In Honor of Women’s History Month, our March theme, “Women of Valor,” is dedicated to Rachel Held Evans.
In 2012 Rachel Held Evans published The Year of Biblical Womanhood: How a Liberated Woman Found Herself Sitting on Her Roof, Covering Her Head, and Calling Her Husband “Master.” In its pages, she gave us a reimagining of the cloying, perfection-driven, evangelical-Christian-idolizing Proverbs 31 woman. There is nothing wrong with the attributes of that famous woman except that they have become an unrealistic, rigid, and limiting way of defining a woman of God.
As a woman with a chronic illness, my abilities are diminishing as my limitations are increasing. I can’t even hope to be a fraction as productive as the woman in Proverbs. I’m not really laughing at the days to come because I don’t see my symptoms improving in the future; I can see them worsening.

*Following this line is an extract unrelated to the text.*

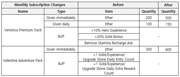 ㄴ The amount of Ether granted immediately upon purchase and the daily Ether distribution will be increased by 50%. ㄴ The initial discount event will end, and all prices will be standardized. ㄴ When purchasing Stamina through ads, you can now specify the number of times you want to watch ads.
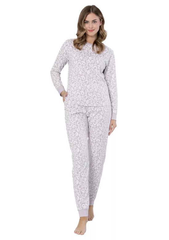 Dámské pyžamo Zoja 1615 značky LEVEZA je dokonalou volbou pro ženy, které hledají pohodlí a vkusný vzhled při odpočinku. Jemná levandulová barva s výrazným moderním vzorem vytváří harmonický dojem, který podtrhuje elegantní styl tohoto pyžama. Horní díl má dlouhé rukávy s kulatým výstřihem a příjemně padnoucími manžetami na zápěstích, což zajišťuje maximální komfort během celého večera i noci. Spodní díl tvoří dlouhé kalhoty se zúženými nohavicemi a pružným pasem pro volnost pohybu bez omezení. Materiál ...

What about the mother who lost custody of her children after the divorce? She can’t be a part of the daily care and education of her children. She no longer has a husband to do good to. How about the multitudes of women who are paralyzed by depression and anxiety? Victims of trauma? They are fighting to hold onto their strength and dignity. Can they still be women of valor if they can’t rise from their beds in the morning, or at all?
Can we, who some days struggle just to climb out of bed, come close to realizing a Proverbs 31 reality? Are we reaching for unattainable valor?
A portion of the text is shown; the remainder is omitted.